Проведите слайды под вакуумом в течение 30-60 минут, затем приступайте к матричному осаждению. Используйте две пятидигидроксибензойной кислоты, или DHB, в метанольной воде в качестве матрицы. Поместите слайды в транспортер для слайдов и надежно закройте отверстие восковой пленкой.
Запечатайте пакетом-молнией. Поместите его в другой пакет-молнию, содержащий влагопоглотители. Маркировка снаружи и отправка образца на основные объекты Maldi с достаточным количеством сухих глаз.
Для матричного осаждения используйте 40 миллиграммов на миллилитр воды DHB и метанола в качестве матрицы и распыляйте ее с помощью автоматического матричного опрыскивателя HTX M5. Используйте давление газообразного азота 10 фунтов на квадратный дюйм. Используйте время полета Мальди, прибор MS и режим положительных ионов для получения масс-спектра.

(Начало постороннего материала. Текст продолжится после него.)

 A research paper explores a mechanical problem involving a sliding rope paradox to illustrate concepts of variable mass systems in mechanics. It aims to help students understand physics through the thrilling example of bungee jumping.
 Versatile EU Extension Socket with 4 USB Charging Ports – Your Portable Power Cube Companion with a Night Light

Откалибруйте прибор, обнаружив 0,5 микролитра эмульсии красного фосфора в ацето-нитро на слайдах ITO. Используйте его спектры для калибровки прибора в диапазоне масс от 100 до 1000 МЗ, применяя квадратичную калибровочную кривую. Установите диаметры лазерных пятен на средние, так как это модулированный профиль луча для ширины растра 40 микрометров, и соберите данные изображения, суммируя 500 снимков с частотой повторения лазера 1000 герц на позицию массива.

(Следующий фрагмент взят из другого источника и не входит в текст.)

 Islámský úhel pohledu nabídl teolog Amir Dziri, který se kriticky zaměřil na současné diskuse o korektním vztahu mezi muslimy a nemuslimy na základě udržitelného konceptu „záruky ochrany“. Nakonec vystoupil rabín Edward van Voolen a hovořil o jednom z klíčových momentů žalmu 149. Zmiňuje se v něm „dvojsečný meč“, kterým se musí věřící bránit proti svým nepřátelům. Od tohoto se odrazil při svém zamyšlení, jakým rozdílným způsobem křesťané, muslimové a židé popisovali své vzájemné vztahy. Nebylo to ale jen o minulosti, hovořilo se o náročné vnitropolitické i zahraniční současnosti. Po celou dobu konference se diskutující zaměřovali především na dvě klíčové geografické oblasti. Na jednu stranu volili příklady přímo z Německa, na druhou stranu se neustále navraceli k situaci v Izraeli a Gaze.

Затем запишите спектральные данные. Выполните анализ данных визуализации с использованием среднеквадратичной нормализации для генерации ионных изображений с пропускной способностью плюс минус 0,10 Дальтона. Выровняйте спектры как OCT, так и мозговой ткани из одного и того же эксперимента, используя программное обеспечение для оценки перекрывающихся пиков в интерференции подавления ионов OCT.
Наконец, обработайте слайды MALDI, содержащие образцы тканей, гематоксилином и эозином или окрашиванием H и E. Изображения из анализа Maldi MS показали общее снижение содержания липидов в нокаутированном мутантном мозге LPR1. Здесь показаны репрезентативные H и E окрашенные участки мозга взрослой мухи.

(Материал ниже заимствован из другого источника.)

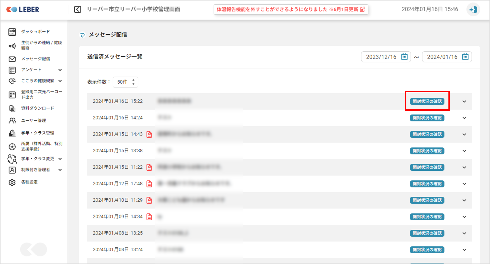 ④開封状況を見る時は「開封状況の確認」をクリックします。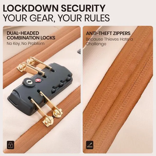 Security Upgrade: The travel backpack with vacuum system offers peace of mind with a TSA double-headed combo lock that secures both laptop and main compartmentsprotecting valuables while ensuring quick security passage, preventing baggage detention from locks, and saving time. The anti-theft zippers effectively resist prying. Multiple security layers ensure your vacuum backpack travel keeps your business trip worry-free, letting you focus solely on your journey ^^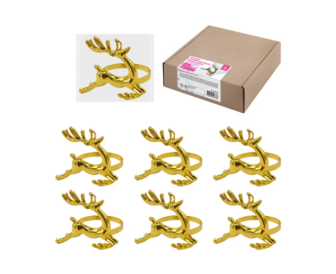 Кольца для салфеток новогодние, КОМПЛЕКТ 6 шт., 5,5 см, "Олени", золотистые, ЗОЛОТАЯ СКАЗКА, 592487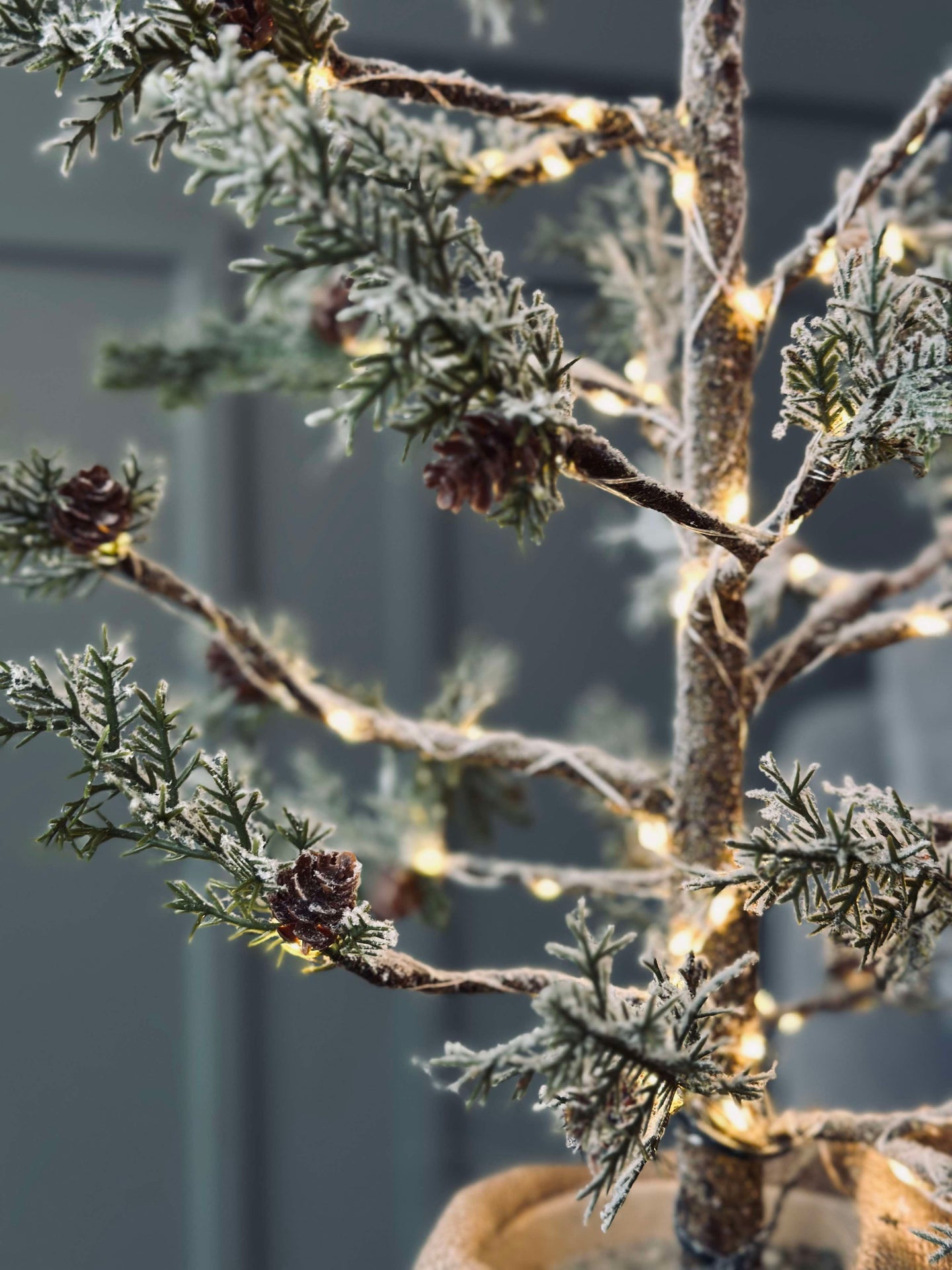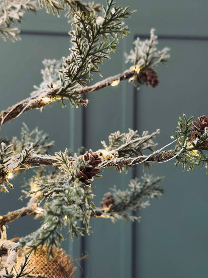 Skapa en stämningsfull julatmosfär utan krångel och besvär med vår julgran med kottar och ljusslinga. Ge ditt hem en touch av julglädje på ett smidigt och enkelt sätt. Upplev julens magi på ett nytt och bekvämt sätt med denna vackra juldekoration.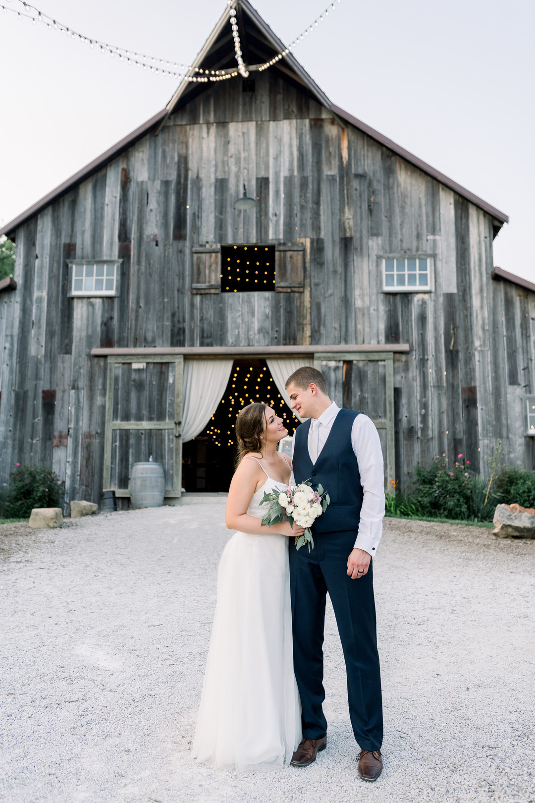 A warm summer breeze and a rustic timber barn created the back drop for last week’s wedding. Garrett and Lindsey’s Heritage Ranch wedding in Sedalia, Missouri was a quintessential midwest summer day. A hot summer day turned into a warm summer night as the couple danced under the glow of hundreds of cafe lights. With a s’mores station, a taco bar, and an excellent DJ, the couple and their friends partied into the night. Thanks to Angie Scott Photography for sharing this wedding with us today.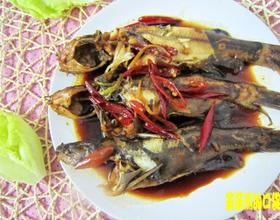 昂刺鱼收拾干净,生姜和红干辣椒切丝,小葱打结。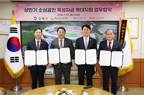 [뉴스앤톡] 김해시는 13일 김해시청에서 NH농협은행, BNK경남은행, 경남신용보증재단과 ‘2026년 상반기 소상공인 지원 업무협약(MOU)’을 체결했다.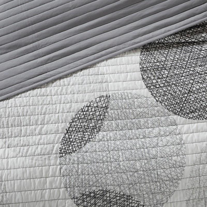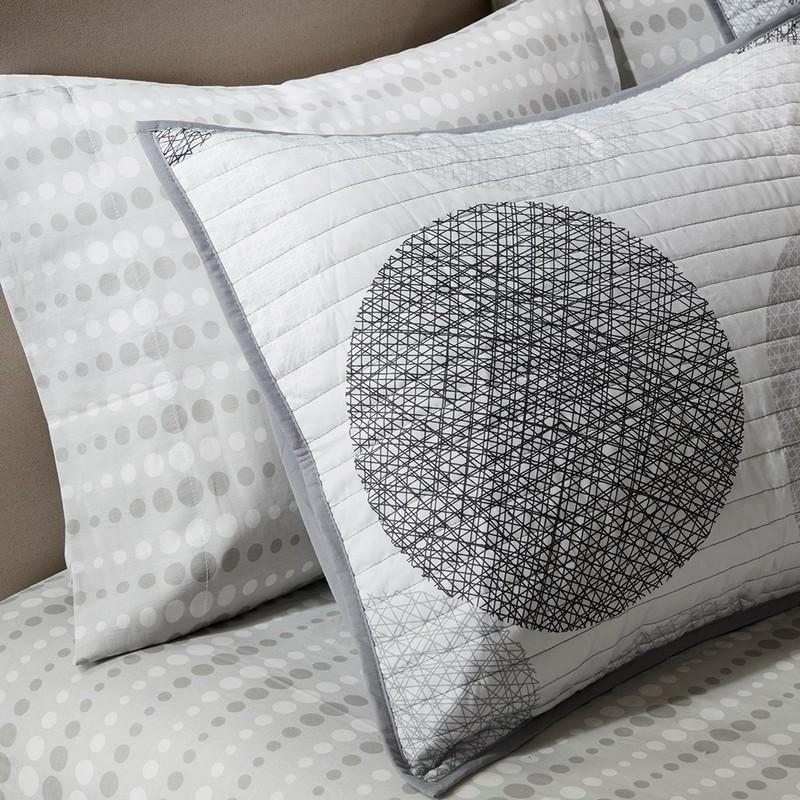 Knowles instantly updates your bedroom for a clean modern look. A circular print in different shades of gray covers this soft gray coverlet. Made from microfiber polyester and is machine washable for easy care. The set includes two standard shams, one embroidered decorative pillow, and a coordinating sheet set.

На этом изображении также указаны липидные виды, их соответствующие значения MZ и масштабы тепловой карты. Средняя величина сокращения нокаутирующего мутанта LPR1 по сравнению с контрольной группой по крайней мере четырех биологических реплик показана в виде чисел рядом со стрелками. Массовый спектр выбранной пустой области ОКТ в области мозговой ткани как от контрольных, так и от мутантных мух показан в диапазоне от MZ1 до 1000 и MZ520 до 900.
Интерференция OCT связана как с явлениями подавления ионов, так и с проблемами перекрывающегося сигнала. Для поддержания точности данных о липидомике решающее значение имеют соответствующая пробоподготовка, рассечение и криосекция. После выполнения эксперимента Мальди идентичность липидов может быть проверена с помощью LCMS, также известной как жидкостная хроматография, липодомика на основе масс-спектрометрии.
Этот метод дает молекулярное представление о гомеостазе липидов головного мозга, используя мощную и мягкую модельную систему, которая прокладывает путь к пониманию метаболических изменений в мозге, связанных с заболеваниями человека.